Hugh Pearman: Silence is a gold mine

Constant noise pollution is the curse of the modern world, according to Hugh Pearman, and the person who designs a way of suppressing it will be his hero

The things people design become evermore intangible. Who’d have thought, a few years back, that the design of images on screens would become a key part of every graphic designer’s portfolio, and a massive new cottage industry? Now think ahead a bit. Websites have become a staple of the business: what’s the next area to move into?

It won’t be a graphics thing. The first big design challenge of the 21st century, even more ephemeral than the Web, will have almost no visual presence. If it works, you may not even be aware that designers are involved. It is the creation of quietness.

The art and science of acoustics is only now emerging from its primitive phase – which is why there are so many acoustically awful concert halls around the world, all of which are now the subject of retrospective acoustic Band-Aid. The delivery of near-perfect sound to an auditorium – or the realisation that good sound is only one ingredient of a good concert hall – is now an established discipline. Not so its opposite: the suppression of noise.

Noise is the curse of the modern world: it always gets worse, and the measures to deal with it must necessarily always lag behind the nuisance. This has been the case in Britain since medieval times – complaints about noise in cities, particularly London, are as old as the metropolis itself. In Ancient Rome, an apparently common complaint was the noise of houses falling down, so badly were they built. More usually, the historic source of the problem has been noisy traders, or vehicles, or rowdy crowds.

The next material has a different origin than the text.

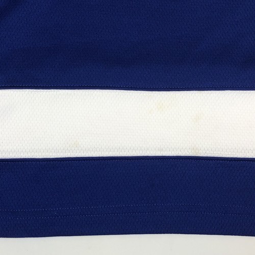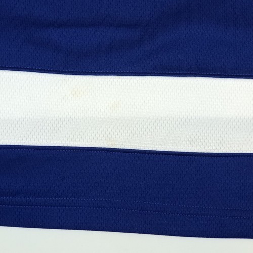Has some light marks on the front bottom white trim and the back of the right sleeve.

What do I mean by noise always getting worse? It’s to do with the way it changes its quality. People can get used not only to a surprisingly high level of constant background noise, but also to sudden bursts of noise, so long as they are regular and familiar, as you get if you live by a railway line, or under the flightpath to an airport. But if the character of the noise changes, or if it happens more often, or at different times, you suddenly notice it again, then you complain. As they do near Heathrow.

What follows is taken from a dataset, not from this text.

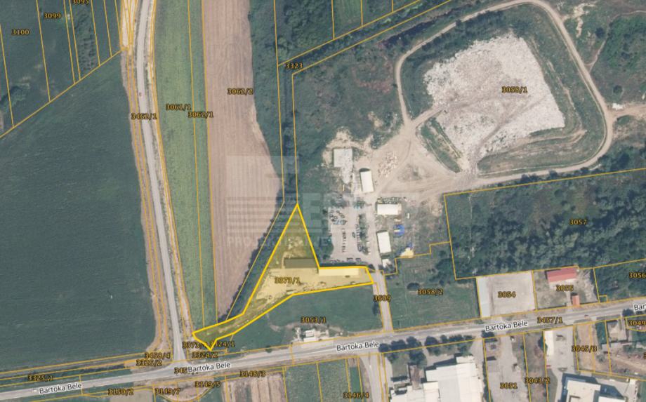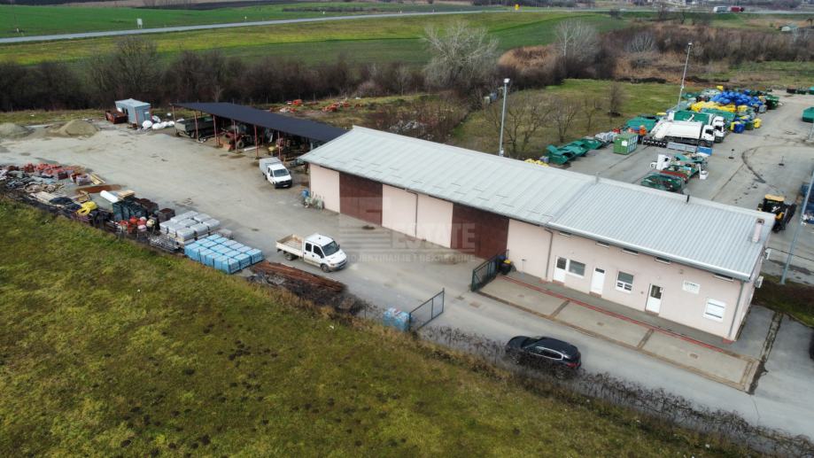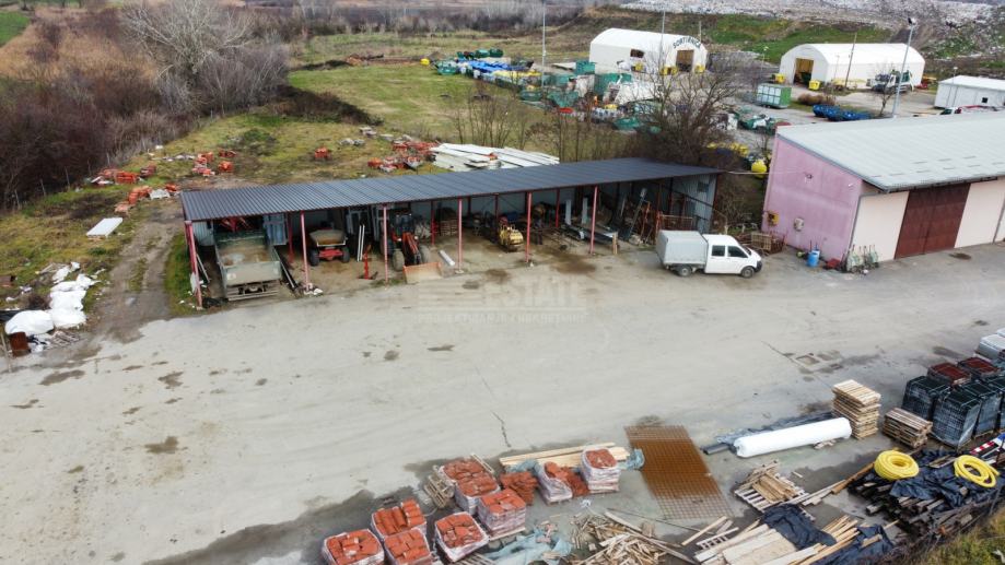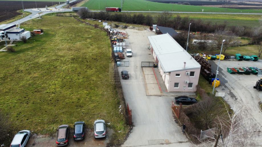 Pozicioniran je na zemljištu od 5620 m2, u potpunosti ograđeno, s pristupom na javnu površinu, a uz poslovni objekt sadržava i 2000 m2 asfalitrane manipulativne površine, 50T kolnu vagu s komandama unutar zgrade te nadstrešnicu s čeličnom konstrukcijom površine cca 270 m2 (otvoreni skladišni prostor).

Visit Norman Foster’s office and you’ll see white, rectangular panels hanging near the ceiling of the drawing-office. These are anti-noise devices. They generate acoustic waves which counteract the general hubbub. Allegedly. As no-one has ever turned them off while I’ve been I can’t tell the difference. But if they work, plenty of fashionable restaurants and bars could use the technology. Maybe then you could hear what the person next to you is saying.

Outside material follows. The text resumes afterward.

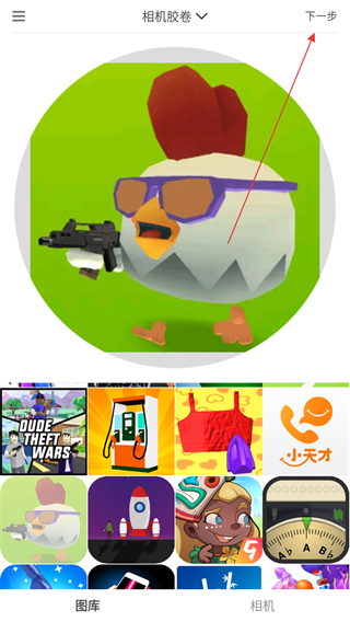 1、打開vs剪輯軟件,在相機膠卷界面中,選擇要添加印章的素材,點擊右上角下一步。

This same technology is talked about in car design, but it is certainly not yet widespread. It is possible to incorporate it into the vehicle to counteract the wearying effects of road and engine noise. No doubt aeroplane manufacturers are also studying the technology, though they don’t yet seem to apply it. Which is why the Bose Corporation, famous for its clever miniaturised music systems, now markets anti-noise headsets with planes in mind. They look like ordinary headphones, but they do the opposite: they cancel out the surround-sound. They create quietness for you.

This kind of thinking will become very important. Most UK housing wasn’t designed to withstand the aural impact of today’s sound systems. No more are cars designed to contain the noise produced by their in-car systems. One study found that a single car with a faulty exhaust silencer, travelling six miles through London at night, is all it takes to wake up many thousands of people. The same applies to thudding bass-notes from boom-box cars.

As for background noise, the main offender, apart from traffic, is office equipment. Inside the office, all the various gadgets combine to produce a constant background hum. Outside, cheap air conditioning plant broadcasts noise over a wide area. Canary Wharf is notorious for this. But even in most homes, there is now so much electrical equipment on permanent standby that noise is generated constantly.

There is the design challenge: to create environments where unwelcome noise is cancelled out. Obviously legislation can help a bit to suppress noise at source, but you suspect not much. Nor can the whole developed world be fitted with Norman Foster anti-noise panels. Somehow, someone has to develop a way for each of us to move around in a personal zone of relative peace – but not isolation. We won’t all be walking around wearing headphones. Whoever develops the technology, designs a virtually invisible personal platform for it, and markets it, will be one very rich hero.